4. Fix the Supply Chain.
Finally, we must aggressively address bottlenecks in the industrial supply chain for critical equipment. All the funding and crews in the world can’t build on time if key components are back-ordered for years.
A prime example is the electrical transformer shortage currently gripping the grid. Transformers – essential for substations and power distribution at data centers, factories, and new housing – are in critically short supply. The average lead time for a new grid-rated transformer has exploded from a pre-2019 norm of 3–6 months to 12–30 months by 2023. Utility orders that once took 2–4 months are now taking 2–3 years to fulfill due to surging demand and limited production capacity. This is a severe bottleneck: you can’t energize a new facility without transformers, no matter how fast you build. The causes range from pandemic-driven supply hiccups to materials shortages (electrical steel) and an aging manufacturing base. But one fix is straightforward: standardize and bulk-order equipment.
Right now, U.S. utilities and developers specify highly custom designs – incredibly, there are over 80,000 different distribution transformer configurations in use across the country. That fragmentation kills economies of scale. To catch up, industry and government should coordinate on a set of common specifications for the most-needed transformers, switchgears, and other long-lead equipment, and then fund a ramp-up in production. This might involve Defense Production Act measures or guaranteed purchasing agreements to encourage manufacturers to add factory lines.
The same principle applies to things like semiconductor tools, EV battery materials, and HVAC units for data centers – identify the critical components that are in short supply, standardize where possible, and signal consistent high-volume demand so suppliers can confidently invest in expansion. During WWII and Apollo, government acted as a central coordinator to ensure suppliers delivered at the required pace (for instance, Apollo managers famously set up a “parts control board” to track thousands of subcontractors’ progress). We may need a similar approach – a public-private supply chain task force – to unblock the flow of materials. If we don’t fix these kinks, projects will be slowed waiting on a transformer or a custom chip tool, and the whole surge could stall. Volume, consistency, and simplicity in the supply chain will keep the build-out on track.
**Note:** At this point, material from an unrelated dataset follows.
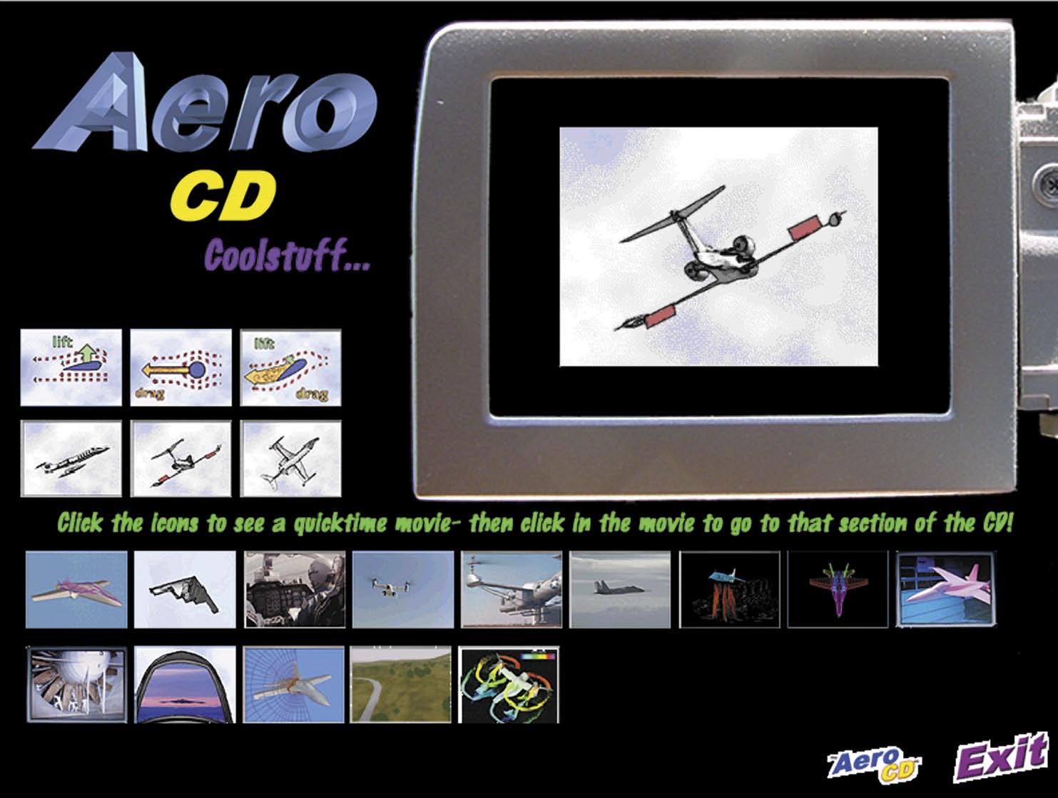 Exploring Aeronautics was done in cartoon animation to make it appealing to kids, notes Andrew Doser, an Ames graphic artist who helped to produce the CD-ROM, along with a team of multimedia programmers, artists, and educators, in conjunction with numerous Ames scientists. In addition to lively animation, the software features QuickTime movies and highly intuitive tools to promote usage of NASA's scientific methods in the world of aeronautics.

We Can Scale Under Pressure
America’s history shows that when pushed, we can build the unbuildable – be it thousands of Liberty ships, the Saturn V, or an interstate highway system. In each case, urgency forced innovation and unlikely alliances: industries coordinating with government, new workers being trained en masse, and technologies like prefabrication being deployed boldly. We are at a similar inflection point now. The stakes are high: whichever nation builds the infrastructure for AI and clean energy fastest will lead the next era. The U.S. has made its bet with huge investments and strategic initiatives, but money alone won’t win the race – execution will. The encouraging news is that the spirit of Apollo and Rosie the Riveter is alive today in many quarters. We see construction crews working 24/7 on fab sites, startups pioneering modular building techniques, and young people reconsidering the trades. The challenge is to bring these threads together, at scale and at speed.
We’ve scaled under pressure before; the question is whether we want to do it again now. The modern space race isn’t about reaching the Moon – it’s about rebuilding our capacity here on Earth. If we treat it with the same urgency and unity of purpose, there’s every reason to believe we can succeed.
The clock is ticking and America is building – again.